Classification and Regression Tree Analysis (CART) is a decision tree method developed by Breiman and colleagues. Using CART, it is possible to identify the most significant influencing factors for relative risk and explore the interaction between influencing factors and the most critical influencing factors to form the branches of the classification and regression tree, dividing the population into high-risk subgroups [10]. It is a nonparametric program that begins tree development by examining all predictor variables and selecting the variable (parent node) that can best predict the desired classification. The data in this parent node is divided into two classifications (child nodes): one predicts the response variable classification, and the other does not.
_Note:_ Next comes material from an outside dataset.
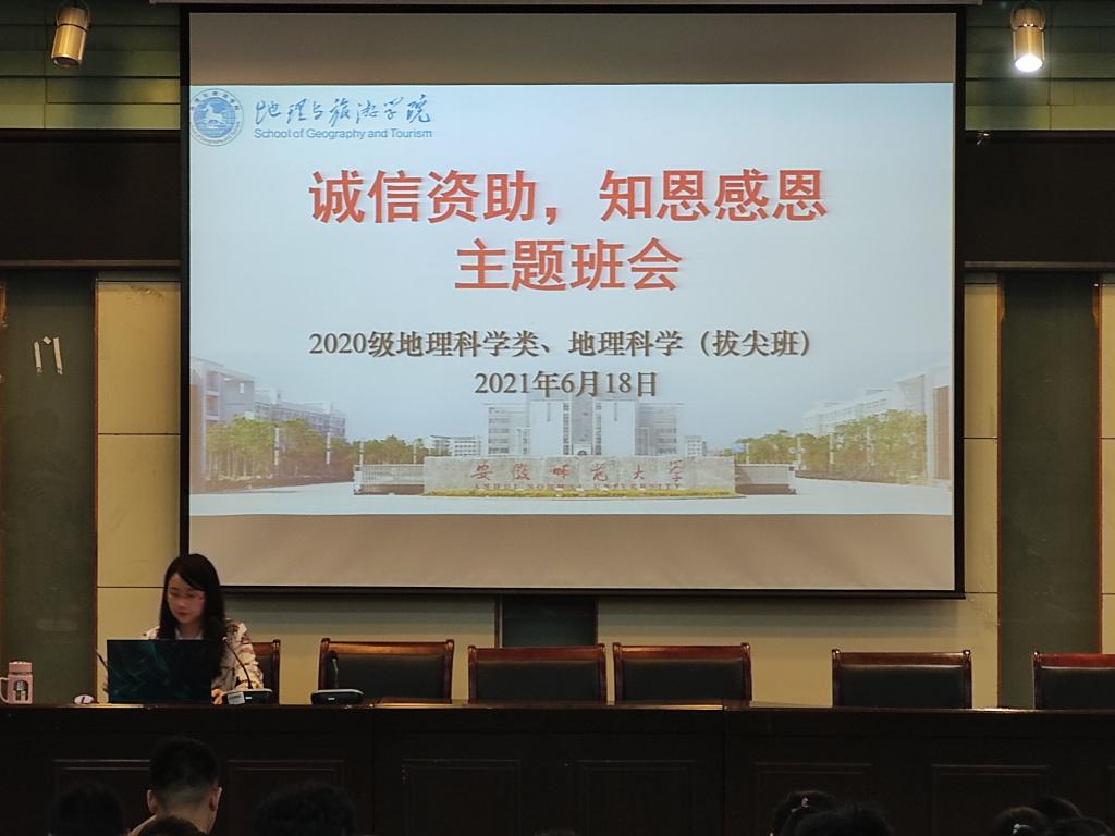 实验楼101报告厅召开“诚信资助,知恩感恩”主题班会。班会由辅导员彭媛媛主持,2020级地理科学类、地理科学(拔尖班)全体同学参与。

This binary recursive splitting process is repeated for each child node until further splitting is no longer possible [11]. Over the years, as CART has developed, it has been increasingly used in the medical field [12,13,14,15], and in the smoking field, it is mainly used to identify high-risk populations for the use of tobacco substitutes [16], the combination of risk factors for smoking and the strongest predictive indicators [17], as well as the prediction of smoking cessation outcomes [18].

The present study

Overall, smoking is a risk factor for COVID-19 infection and severity. Prior studies have analyzed the influencing factors of smoking behavior during the pandemic, but these studies only explored the relationship between influencing factors and changes in smoking behavior. This study aims to address the limitations of these studies. Specifically, CART analysis was used to explore the factors that most deeply influence smoking behavior in the population and to analyze the interactions between this factor and other influencing factors to identify high-risk populations for increased smoking behavior.

Method

Data and procedure

The data used in this study is conducted in 23 provinces, 5 autonomous regions, and 4 municipalities directly under the central government from June 20, 2022, to August 31, 2022. In this time, China was still experiencing the peak of the COVID-19 pandemic, with an increase of 442 − 77,402 cases per day [19]. During the investigation, China implemented a dynamic “Zero-COVID” policy, taking prompt actions to contain the outbreak of COVID-19 in the local area [20]. The specific measures include medically lockdown those who have had close contact with confirmed cases; large-scale nucleic acid testing; citywide home quarantine; the use of electronic health codes when entering public places; travel restrictions; and advocating for mask-wearing in public spaces. In certain situations, staff will remind individuals to wear masks or they will be prohibited from entering. During the policy implementation, China rigorously enforced the policy, and the policy was well implemented [21, 22].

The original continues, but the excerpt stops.